Leadership in Service Industry

The past few decades has seen unprecedented growth of service industry. In fact we can today say that the service industry is at its maturity stage.

The gamut of services that make up for the significant contribution towards the GDP of the economy are numerous ranging from financial services, health care, hospitality, travel, insurance, information services, retail, utilities, information technology enabled services including social network and media services etc.

One of the prominent features of service industry that we see is the use of technology and standardized processes to drive operations.

Every company makes investments into technology and offer gamut of services to the customers. Every service company tries its best to increase its operational efficiency and protect its bottom line while trying to increase its market share.

Doing business efficiently and offering best service at the cheapest rates is what these companies are aiming to achieve.

In the bargain most service organizations tend to lose out in the longer run and fail to see a real healthy growth in revenues. This happens only because they have failed to perceive the right direction and leadership strategies for service companies.

Most often these companies are found to have adopted the strategies and plans that are appropriate for the ‘Product’ companies.

A service company needs to create that edge by doing things differently from the others, while continuing to strive for operational excellence and efficiency from within.

While competition can easily duplicate the service offering, maintaining leadership calls for a different mindset and thinking in terms of continuous innovation and providing enhanced value of customer experience and service.
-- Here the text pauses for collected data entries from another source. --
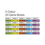 20 game bingo books typically used for Free or Prize bingo operated in clubs. 5 colour ticket rotation. Books supplied in a perforated strip of 6 books with 20 pages per book. Each box contains 2,400 individual books (equivalent to 400 x 6 strip books).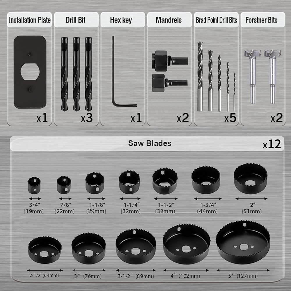 • استخدام واسع، تصميم مطور مع مسننات حادة للغاية لقطع أسرع وأنظف، مثالي للخشب اللين والخشب الرقائقي واللوح البلاستيكي واللوح الجصي ولوح PVC الرقيق. رائع لمهام قطع أحجام الثقوب المتعددة من الصغيرة إلى الكبيرة في أسطح المكتب والأبواب والأثاث.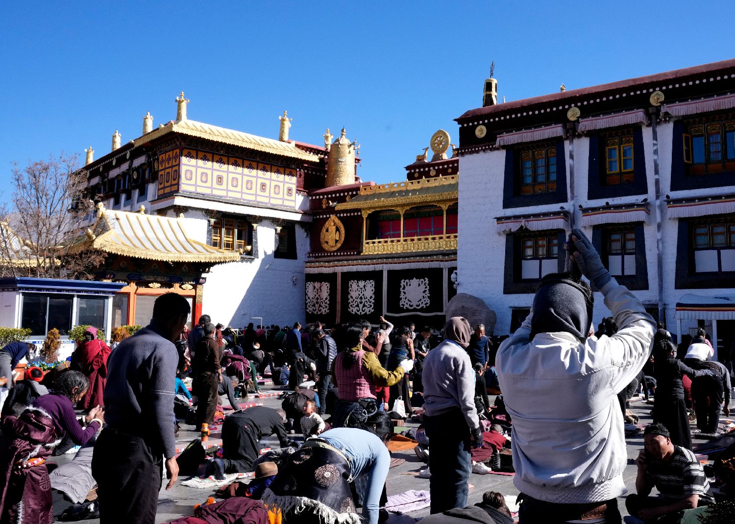 1月23日,西藏拉萨大昭寺外,信众磕长头。冬季高原进入农闲期,众多藏传佛教信众从各地来到拉萨,沿布达拉宫、大昭寺等地转经、朝拜、祈福。(图/中新社)
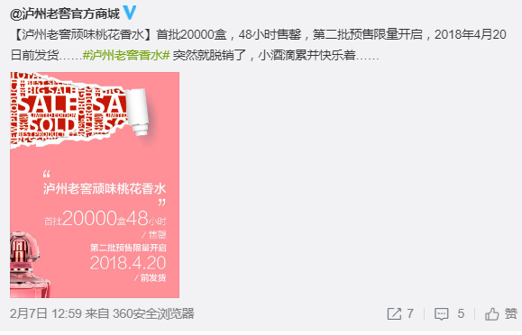 在香水卖到断货后,泸州老窖又尝试了与国货美妆品牌花西子进行了跨界营销合作,将低度果酒桃花醉与花西子蜜粉捆绑营销。
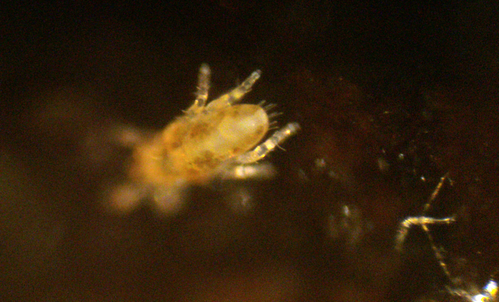 Tra le foglie al suolo raccolte nel bosco di Pianzo (comune di Casina, Reggio Emilia), 478 m slm. 09-04-16. Lunghezza sul mezzo millimetro. Osservato al microscopio ottico al minimo ingrandimento.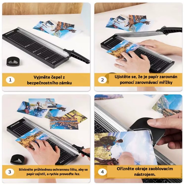 - Vhodná pro papír, fotografie, kartičky i tenčí karton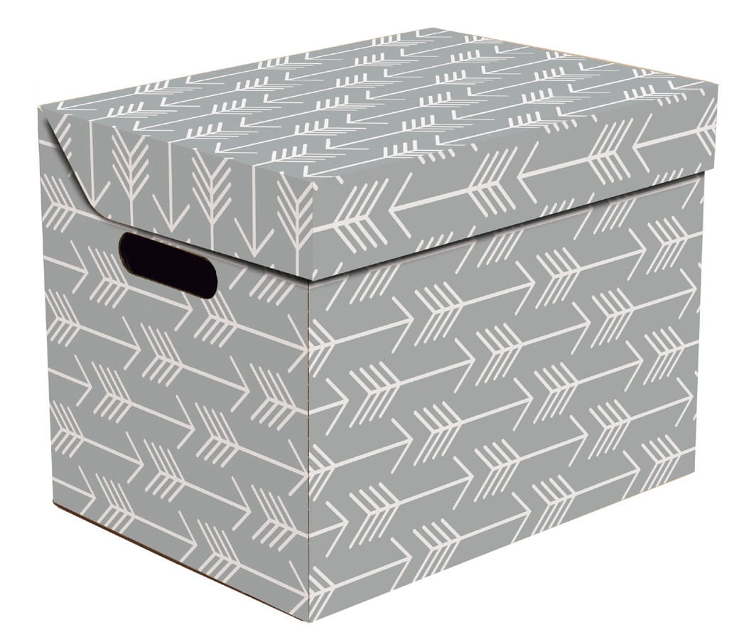 Dekoracyjne pudełko kartonowe, 34x25x26cm, szare strzały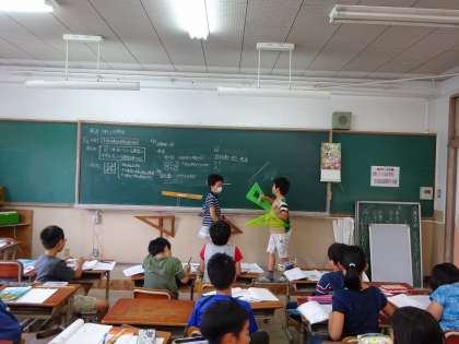 垂直・平行と四角形の学習の様子です。 上手に三角じょうぎを2枚使い,垂直や平行の作図をしました。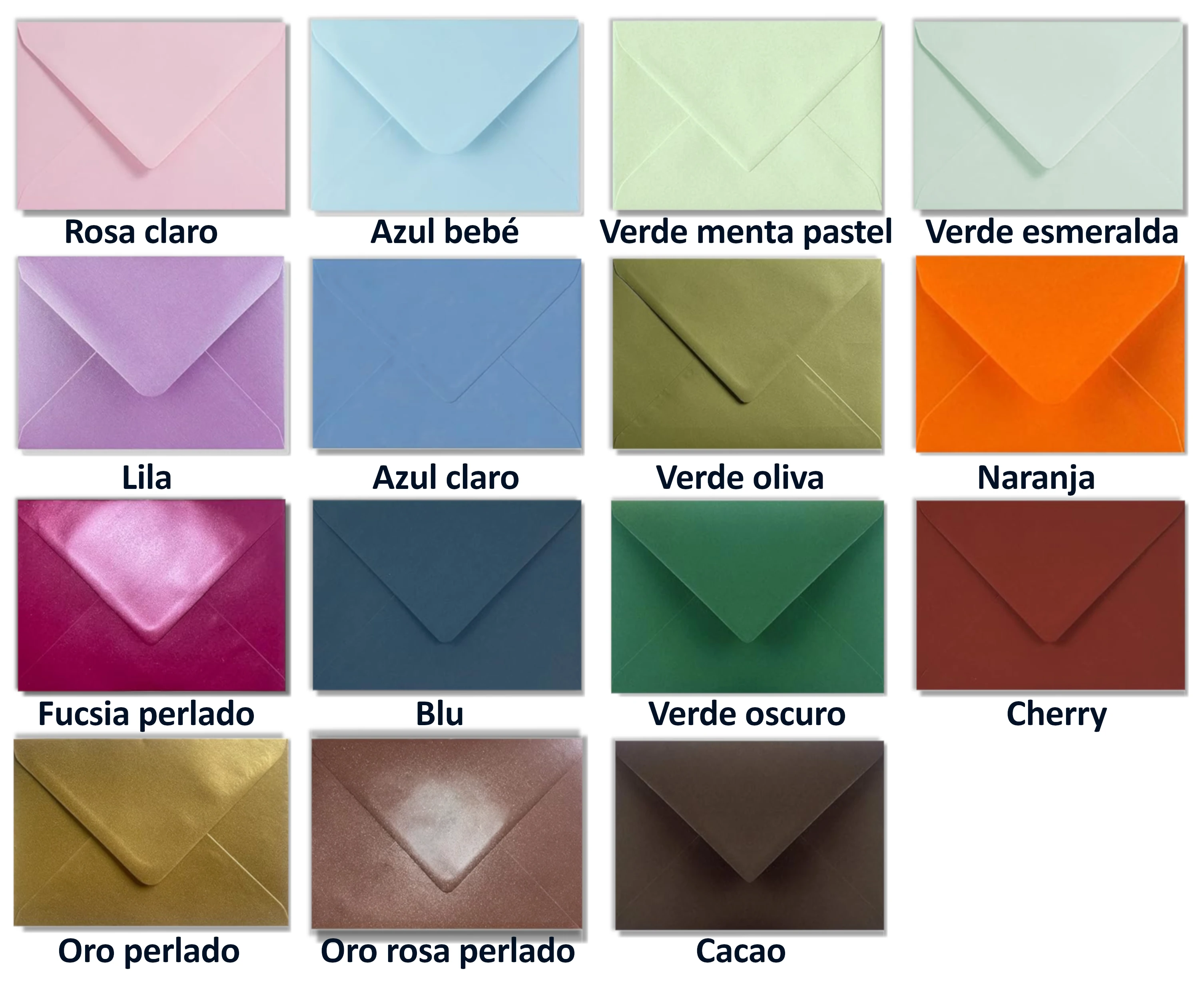 También tienes a tu disposición sobres de colores. Estos sobres no están realizados en mi taller, son comprados ya manufacturados.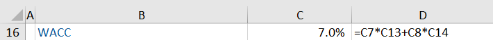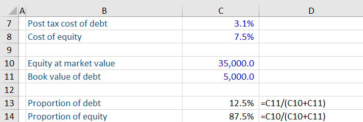 In the table below we see the debt and equity proportions calculated, along with the information required to calculate the WACC.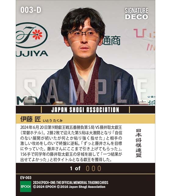 公式※SignatureDECO 【伊藤 匠】絶対王者の牙城を崩し、初タイトル「叡王」獲得(24.6.20)-対局- のカードを買うならエポックワン!税込・送料無料!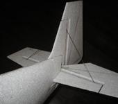 На консолях из 1,5 мм карбона, на оперение из 0,8 мм стальной проволоки.

Southwest Airlines, McDonald’s, Wal-Mart and credit card companies like Bank of America, Citi Bank credit cards have grown to become leaders in their market segment globally not only because of their service offerings and competitiveness, but by design to become customer centric Organizations that is driven to innovate all the time and outperform themselves all the time.

The major difference is that these organizations are built and think differently than the rest of the companies.

These organizations too are driven by the same philosophy of operational efficiency, excellence and quality etc. But the difference lies not in their procedures but in the people that manage the operations and the management.

Each of these Companies have tried to achieve excellence by choosing to focus few value propositions and create customized service experience that is difficult to be copied or matched by competition.

When Bank of America introduced its credit cards in the market, they chose to build such robust processes and equipped with technology they promised fastest delivery of credit cards to the customers, which no other company could match at that point of time.

The pain of having to apply and wait for the card to reach the customer through mail after due verification and authentication was something that this bank chose to attack and work to address this major pain point.

While the rest of the credit card offerings would have been the same as the others in the market, they managed to score over the others and managed to establish their leadership overnight. This was not all, the company further went on to provide enhanced value to personalized customer service to customers.

Any customer could expect the customer service to be flexible and go out of the way to facilitate the customer’s special requests. The bank being a service industry had got their focus and strategy just right.